* [PATCH 4/5] In i386 CFI script, binary ops like ADD, AND, etc. modify the 2nd operand, not 1st
2015-10-02 11:32 [PATCH 1/5] Pull a couple common AWK functions for CFI scripts into separate file Alex Dowad
2015-10-02 11:32 ` [PATCH 2/5] When generating CFI for i386 asm, don't mistake an FDIV instruction for DIV Alex Dowad
2015-10-02 11:32 ` [PATCH 3/5] When generating CFI for i386 asm, don't mistake an FMUL instruction for MUL Alex Dowad
@ 2015-10-02 11:32 ` Alex Dowad
2015-10-02 11:32 ` [PATCH 5/5] Add script to add CFI directives to asm files in debug builds of x86_64 Alex Dowad
2015-10-08 21:37 ` [PATCH 1/5] Pull a couple common AWK functions for CFI scripts into separate file Rich Felker
4 siblings, 0 replies; 6+ messages in thread
From: Alex Dowad @ 2015-10-02 11:32 UTC (permalink / raw)
To: musl
Thanks to Rich Felker for noticing my mistake here!
---
tools/add-cfi.i386.awk | 10 +++++-----
1 file changed, 5 insertions(+), 5 deletions(-)
diff --git a/tools/add-cfi.i386.awk b/tools/add-cfi.i386.awk
index 5dc8794..fc0d8cf 100644
--- a/tools/add-cfi.i386.awk
+++ b/tools/add-cfi.i386.awk
@@ -185,12 +185,12 @@ function trashed(register) {
# this does NOT exhaustively check for all possible instructions which could
# overwrite a register value inherited from the caller (just the common ones)
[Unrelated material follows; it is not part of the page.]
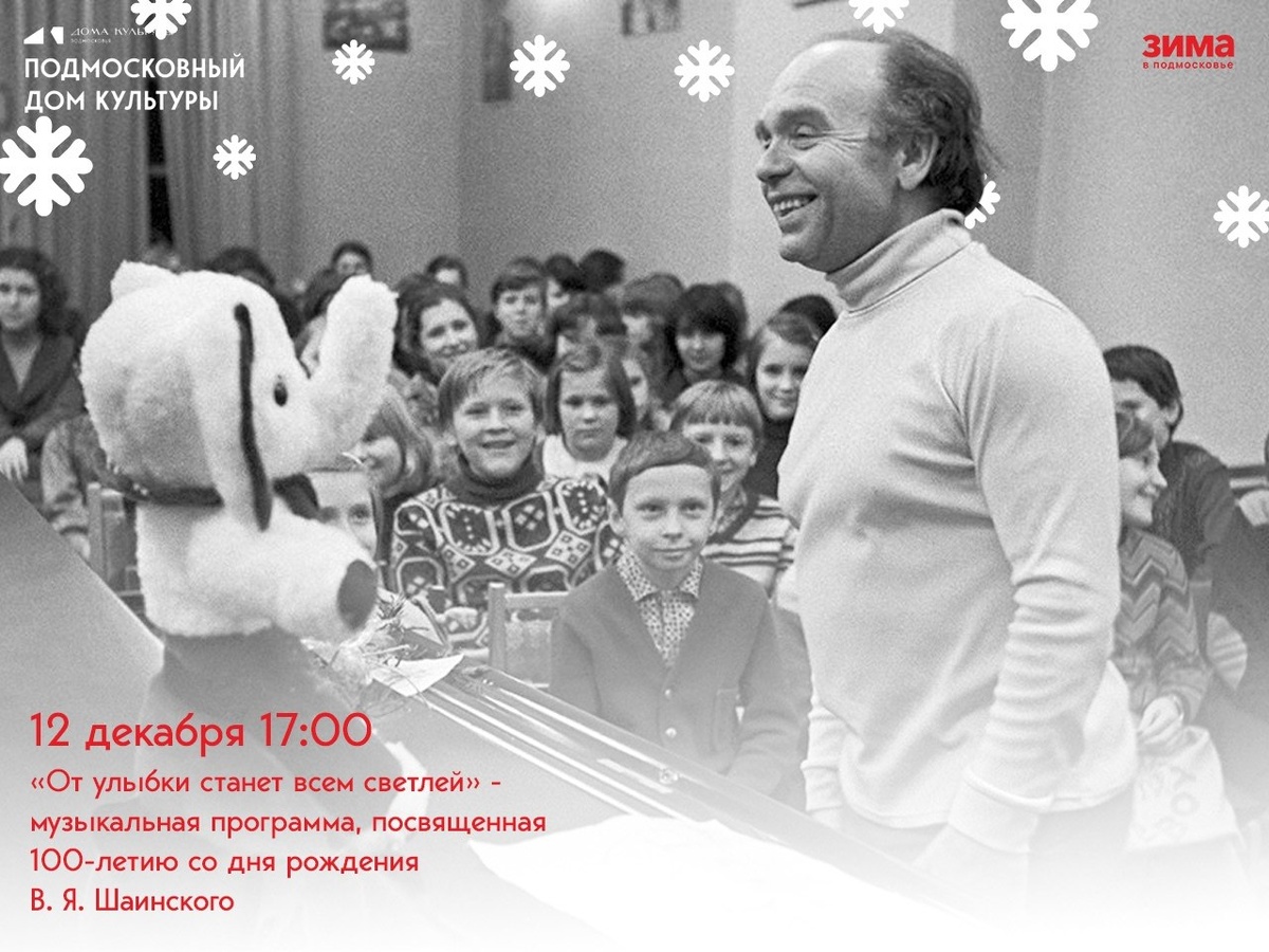 ✨ «Мысли приходят мне в голову где угодно, но только они должны быть музыкальными. Тогда и появляется мелодия».✨ Приглашаем вас окунуться в магию музыки 12 декабря в 17:00 на музыкальной программе «От улыбки станет всем светлей», посвящённой 100-летию со дня рождения Владимира Шаинского! 📆 12.12.2025🕒17:00 🏢 Подмосковный сельский дом культуры (СДК) 📍 г.о.Домодедово, пос.санатория Подмосковье, д.9 💰 Вход свободный❗️ ✅ Мероприятия Домодедово https://dzen.ru/id/66f10385cc4c5a16f7b5fb02 http://vk.com/domodedovo_events http://dzen.ru/domodedovo_events

/mov.*,%e(ax|bx|cx|dx|si|di|bp)/ { trashed(get_reg2()) }
-/(add|addl|sub|subl|and|or|xor|lea|sal|sar|shl|shr) %e(ax|bx|cx|dx|si|di|bp),/ {
- trashed(get_reg1())
+/(add|addl|sub|subl|and|or|xor|lea|sal|sar|shl|shr).*,%e(ax|bx|cx|dx|si|di|bp)/ {
+ trashed(get_reg2())
}
-/^i?mul [^,]*$/ { trashed("eax"); trashed("edx") }
-/^i?mul %e(ax|bx|cx|dx|si|di|bp),/ { trashed(get_reg1()) }
-/^i?div/ { trashed("eax"); trashed("edx") }
+/^i?mul [^,]*$/ { trashed("eax"); trashed("edx") }
+/^i?mul.*,%e(ax|bx|cx|dx|si|di|bp)/ { trashed(get_reg2()) }
+/^i?div/ { trashed("eax"); trashed("edx") }
/(dec|inc|not|neg|pop) %e(ax|bx|cx|dx|si|di|bp)/ { trashed(get_reg()) }
/cpuid/ { trashed("eax"); trashed("ebx"); trashed("ecx"); trashed("edx") }
--
2.0.0.GIT
^ permalink raw reply [flat|nested] 6+ messages in thread
* [PATCH 5/5] Add script to add CFI directives to asm files in debug builds of x86_64
2015-10-02 11:32 [PATCH 1/5] Pull a couple common AWK functions for CFI scripts into separate file Alex Dowad
` (2 preceding siblings ...)
2015-10-02 11:32 ` [PATCH 4/5] In i386 CFI script, binary ops like ADD, AND, etc. modify the 2nd operand, not 1st Alex Dowad
@ 2015-10-02 11:32 ` Alex Dowad
2015-10-08 21:37 ` [PATCH 1/5] Pull a couple common AWK functions for CFI scripts into separate file Rich Felker
4 siblings, 0 replies; 6+ messages in thread
From: Alex Dowad @ 2015-10-02 11:32 UTC (permalink / raw)
To: musl
This makes debugging more pleasant for the odd times when you have to dig into
files implemented in x86_64 assembly.
It turns out that the parts we care about are almost exactly like i386, except
for the register names!
---
tools/add-cfi.x86_64.awk | 185 +++++++++++++++++++++++++++++++++++++++++++++++
1 file changed, 185 insertions(+)
create mode 100644 tools/add-cfi.x86_64.awk
diff --git a/tools/add-cfi.x86_64.awk b/tools/add-cfi.x86_64.awk
new file mode 100644
index 0000000..8c82ea3
--- /dev/null
+++ b/tools/add-cfi.x86_64.awk
@@ -0,0 +1,185 @@
+# Insert GAS CFI directives ("control frame information") into x86-64 asm input
+
+BEGIN {
+ # don't put CFI data in the .eh_frame ELF section (which we don't keep)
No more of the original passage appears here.